2) Avaliar os joelhos dos atletas, mediante exame físico e o protocolo subjetivo baseado no International Knee Documentation Committee – IKDC 2000;

3) Verificar a existência de diferenças entre os atletas de ambos os sexos.

CASUÍSTICA E MÉTODOS

A população de estudo foi formada por jogadores de futebol da 1ª divisão dos sexos masculino e feminino da cidade de Manaus no Estado do Amazonas, todos filiados à Federação Amazonense de Futebol (FAF). Segundo a FAF, existiam em Manaus no ano de 2001, quatro equipes profissionais de futebol de campo do sexo masculino e oito equipes amadoras de futebol de areia do sexo feminino, não havendo equipes de futebol profissional do sexo feminino. Aceitaram participar do estudo duas do sexo masculino, ou seja, 50% das equipes existentes, e três do sexo feminino, ou seja, 37,5% das equipes existentes na cidade. Todos os atletas foram entrevistados e examinados pelo autor durante o período de 01 a 30 de novembro de 2001.

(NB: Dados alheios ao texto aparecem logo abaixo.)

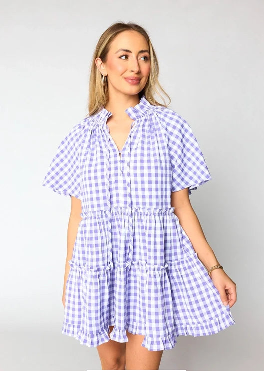 Lakin is here and she is turning heads! She features a baby doll fit that has an effortless oversized swing silhouette, an empire waist, fringed trim at neckline and hem, and a classic checkered pattern! Perfect for anything and everything, pair her with boots for a concert or wedges for a more brunch vibe!

Inicialmente foi realizada uma entrevista com perguntas abertas e fechadas sobre os dados gerais de identificação, como nome, data de nascimento, sexo, idade atual, peso, altura e endereço, seguido de informações esportivas como lado dominante, tempo de prática do esporte, posição no campo e perguntas sobre se já sofreram entorse do joelho e os desdobramentos desta entorse quanto ao lado afetado, se durante jogo ou treino, qual mecanismo de lesão, tempo de afastamento, se necessitou tratamento médico e qual o tipo de tratamento. Os entrevistados que haviam sofrido entorse responderam 10 perguntas traduzidas do inglês sobre a avaliação subjetiva do joelho, segundo o protocolo do IKDC 2000 (International Knee Documentation Committee, 2000), com pontuação de 0 a 100(3).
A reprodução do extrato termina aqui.